Since EV miR-625-3p reflected the treatment response and was highly
correlated with PASI, we hypothesized that EV miR-625-3p originated
from lesional psoriatic skin. To discern the anatomical location of
miR-625-3p present in the skin, we performed in situ hybridization
(ISH) on the paraffin-embedded skin tissue of patients. Interestingly,
miR-625-3p was detected in basal keratinocytes but not in infiltrating
immune cells (Fig. [84]3A). In a high-power field, miR-625-3p was
mainly observed in basal keratinocytes' cytoplasm and extracellular
matrix (Fig. [85]3B), in contrast to miR-4488, which exhibited diffuse
epidermal staining. We therefore hypothesized that miR-625-3p
originates from psoriatic basal keratinocytes. To mimic psoriatic
conditions, we stimulated HaCaT cells (human keratinocyte cell line)
and Jurkat cells (human T lymphocyte cell line) with IL-12 and IL-23
(both 50 ng/mL), which showed a significant increase in miR-625-3p
expression in keratinocytes, not T cells (Fig. [86]3C). EV miR-625-3p
was also increased in the supernatants of stimulated keratinocytes,
whereas miR-4488 was not (Fig. [87]3D). These results suggest that
activated keratinocytes are capable of miR-625-3p production and
secretion.
Fig. 3.
[88]Fig. 3
[89]Open in a new tab
Psoriatic basal keratinocytes as a source of EV miR-625-3p. A and B The
expression of miR-625-3p in the skin detected using ISH in A low power
field (× 100), and B high-power field (× 400). C Expression levels of
miR-625-3p or miR-4488 measured by qRT-PCR after stimulation with
50 ng/ml IL-12 and/or 50 ng/ml IL-23 for 24 h in collected HaCaT or
Jurkat cells. D The expression levels of miR-625-3p or miR-4488 in EVs
from the cell medium detected by qRT-PCR after stimulation with
50 ng/ml of IL-12 and IL-23 for 24 h.
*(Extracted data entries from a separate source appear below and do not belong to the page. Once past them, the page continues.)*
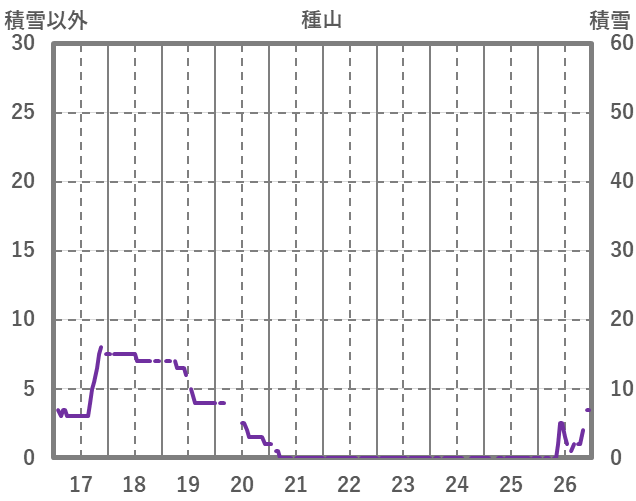 | 日 | 時 | 気温 | 降水 | 風向/風速 | 日照 | 積雪 | 降雪 |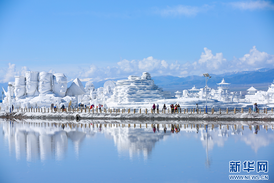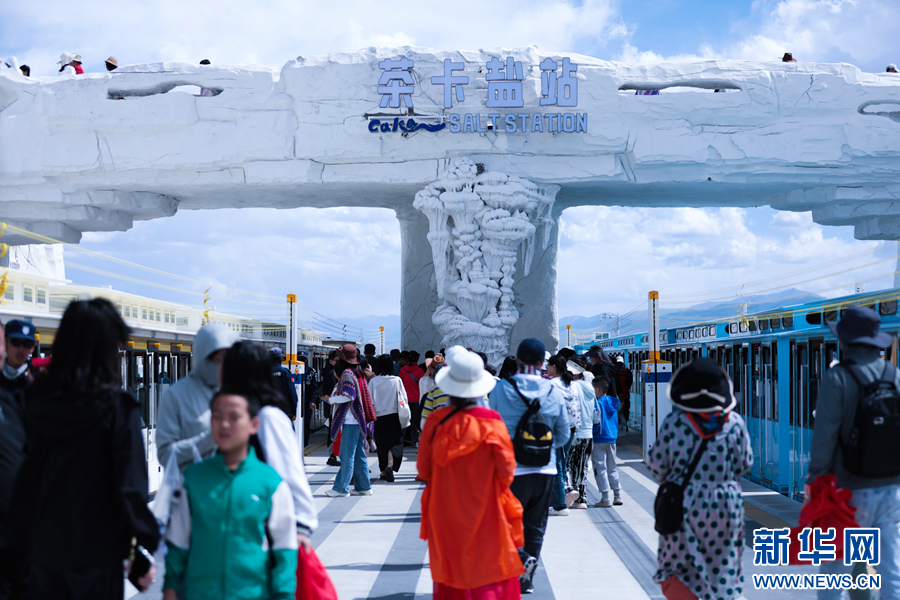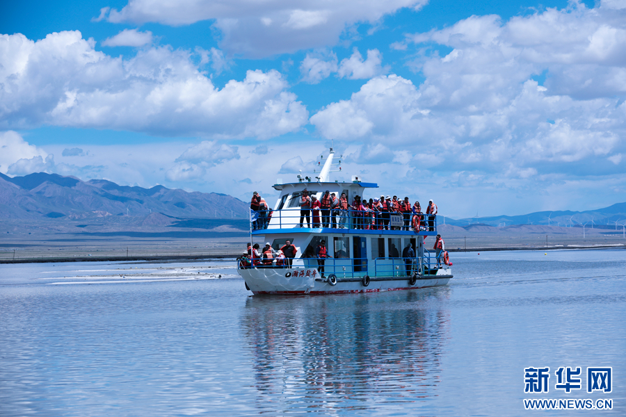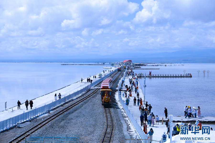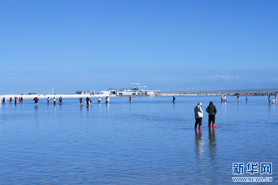 游客在茶卡鹽湖景區(qū)游玩。新華網(wǎng) 王生榮 攝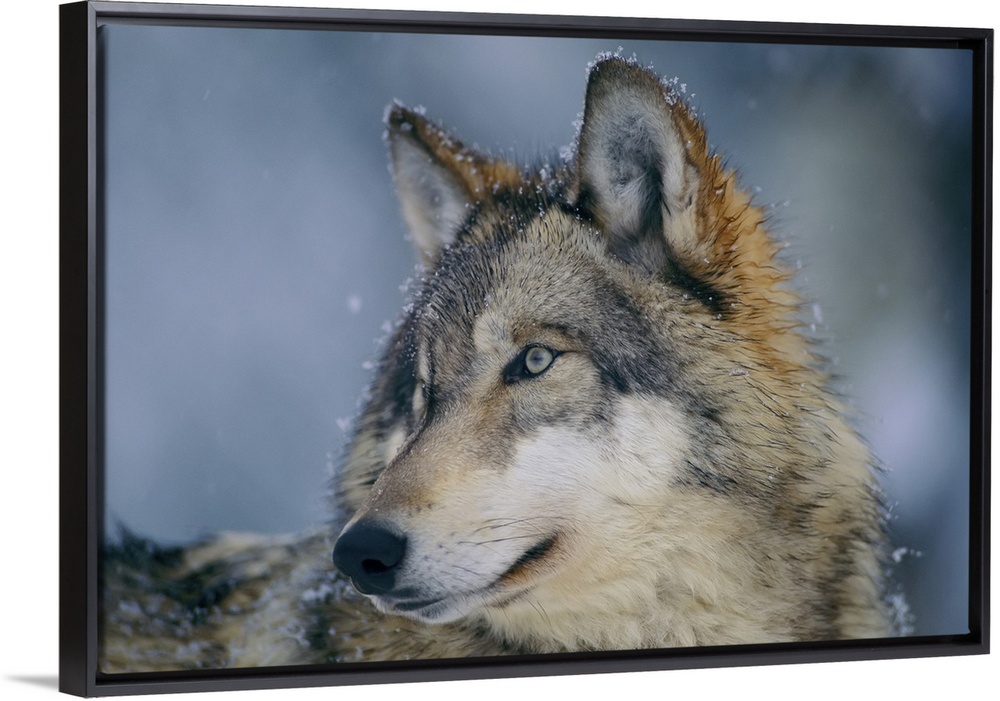 <p>Close-up portrait of a gray wolf (canis lupus) in a snowfall with snowflakes on its fur. Ely, Minnesota, united states of America.</p>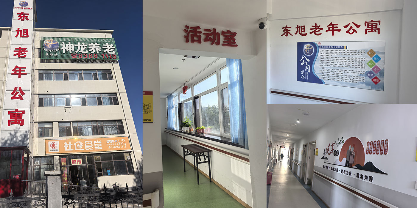 沈阳市浑南区神龙东旭老年公寓是由沈阳神龙药业有限公司为响应《辽宁省人民政府办公厅关于全面开展养老服务市场提升养老服务质量的实施意见》的号召,在第一期项目沈阳市浑南区神龙康福缘居家养老服务中心之后开展的第二期养老健康事业项目。于2024年7月沈阳神龙药业有限公司在原有居家式养老中心之上,花费数百万元投资兴建了一个按照最新养老服务标准符合当代老年人养老需求的,能提供住宿服务、餐饮、文化娱乐活动、医疗保健、康复理疗、心理辅导、生活照料、紧急救援、临终关怀等服务项目的综合性医养、康养结合式、综合性养老、助老服务机构。

Unpaired Student's t-test was
used to compare the two groups. Data are representative of two
independent experiments and values are expressed in means ± SEM.
*P < 0.05 and **P < 0.01
miR-625-3p induces keratinocyte proliferation via IGF-1/Akt signalling
interference
The specific target of miR-625-3p in psoriasis has not yet been
identified. Using multiple miRNA databases (Additional file [90]1:
Figure S4), we investigated a possible role in psoriasis pathogenesis,
which revealed its possible association with insulin-like growth factor
(IGF), particularly with insulin-like growth factor binding
(Fig. [91]4A). Thus, using a miR-625-3p mimic (625-3p mimic), which was
successfully transfected to keratinocytes (Fig. [92]4B), we analyzed
the expression levels of insulin-like growth factor binding protein
(IGFBP) associated genes and proteins. There was a significant increase
in IGF1R and decreases in IGFBP2 and IGFBP3 mRNA expression levels
(Fig. [93]4C). Interestingly, we observed that the protein expression
of IGFBP3, and not IGFBP1, was significantly decreased following
treatment with the 625-3p mimic (Fig. [94]4D). Using bioinformatic
prediction, we verified the potential miR-625-3p binding site in the
human IGFBP3 mRNA (Fig. [95]4E). These findings suggested the
possibility of augmented IGF-1 signalling, which was confirmed by a
significant increase in phosphorylated Akt (Fig. [96]4F). Given that
enhanced IGF-1signalling is associated with cell proliferation
[[97]26], we evaluated the expression of Ki-67 mRNA, and noted a
significant elevation (Fig. [98]4G). We also observed a significant
increase in cell numbers within the miR-625-3p mimic transfected cell
population (Fig. [99]4H).
Fig. 4.
[100]Fig. 4
[101]Open in a new tab
IGF-1 signalling in keratinocytes and its association to miR-625-3p. A
Prediction of target gene and gene function using three miRNA databases
(miRDB/TargetScan/miRTarBase). The overlapping predicted target genes
from each database were subjected to GO term and KEGG pathway
enrichment analysis. B The expression efficiency of miR-625-3p mimic
validated using qRT-PCR analysis by HaCaT cells transfection with
negative control mimics or miR-625-3p mimics. HaCaT cells were cultured
for 48 h after transfection. C qRT- PCR results of insulin growth
factor -1 receptor (IGF1R) and IGF-binding proteins gene expression. D
IGFBP1 and IGFBP3 level quantified by western blotting 48 h after
transfection. E Putative miR-625-3p binding sites in the 3’-UTR of
human IGFBP3 mRNA. F Western blot analysis of the phospho-Akt protein
level. G qRT-PCR results of Ki67 gene expression. H Cell viability of
HaCaT cells transfected with negative control or miR-625-3p-mimic
cultured for 24, 48, and 72 h determined using CCK analysis. Data are
representative of two independent experiments and values are expressed
in means ± SEM. Horizontal lines above bars indicate statistical
comparisons with statistical differences between categories.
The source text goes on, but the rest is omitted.